I want to ask him, "Did you mean,'Happy Mother's Day to you'or were you going for the Joey, from Friends style, 'Happy Mother's Day, you.' said with a wry smile and an ironic wink?
Just lately I've become very protective of 'little words', as we used to call them. Charades taught us how important and how many of them they were. At Christmas, you'd pull 'Out of Africa' from the Charade hat, sigh and hold three fingers up.
"Three words."
You nodded and held one finger up.
"First word."
More nodding followed by holding your thumb and forefinger close together.
"Little word."
Nodding. Then a shouted list of small words from all directions would elicite furious shaking of the head.

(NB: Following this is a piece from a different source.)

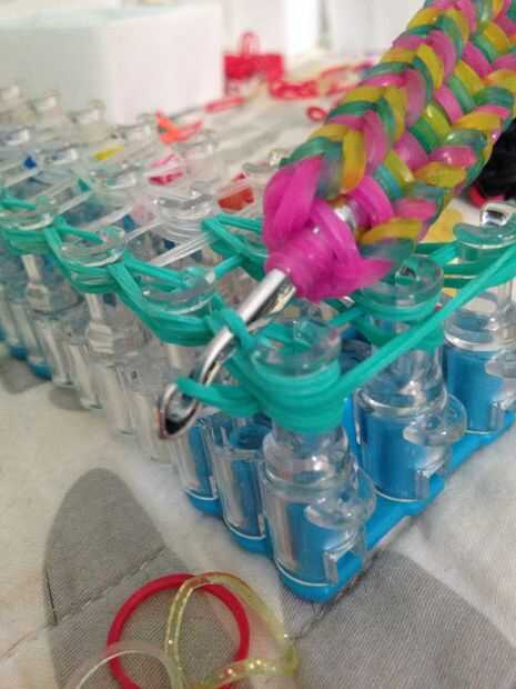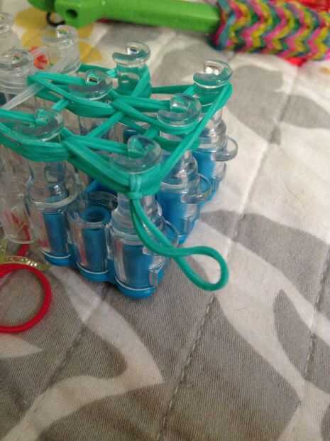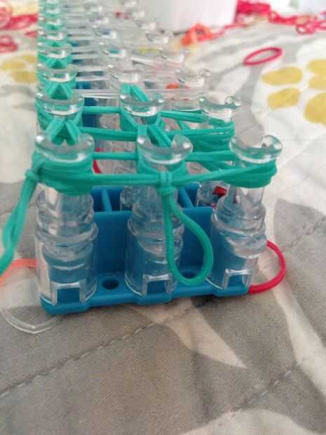 esto es un braclet muy fácil y divertido para hacer. Esperamos que disfrutes!Paso 1: materiales Se necesita: un telar, gancho, elásticos y un clip de C.Paso 2: Colocar los elásticos Primero escoger tres colores y a la clavija central. Sacó su color e

"The, in, and, of, he, she, it, him, her, on, to, off, up."
Eventually, you might get to, "out," slapping one finger on your nose, pointing to the person who said it with the other hand, hoping you hadn't made your nose bleed, before repeating the process again.
As soon as the family had guessed 'out of' you were there and the relief of not having to mime 'Africa' was overwhelming.
Now that I'm a grumpy I find myself correcting these little words in people's speech. I can't help it.
I shout at the TV, "Go to Argos! It's an imperative statement you stupid advertisers, you are trying to get people to go to the shop, you are not cheering the blooming shop on. It's a shop, it doesn't have the power of movement so it can't go anywhere!"
Phew! It's exhausting but I have to do it - everytime it's on.
Whenever a presenter says, "We could of seen that," I am compelled to shout 'Have, have. We could have seen that!"
These poor little words. What have they ever done to be treated so badly? A small word preservation society might be a good idea but some idiot would undoubtedly mangle 'word' and we would end up preserving the Disney ride with the annoying tune.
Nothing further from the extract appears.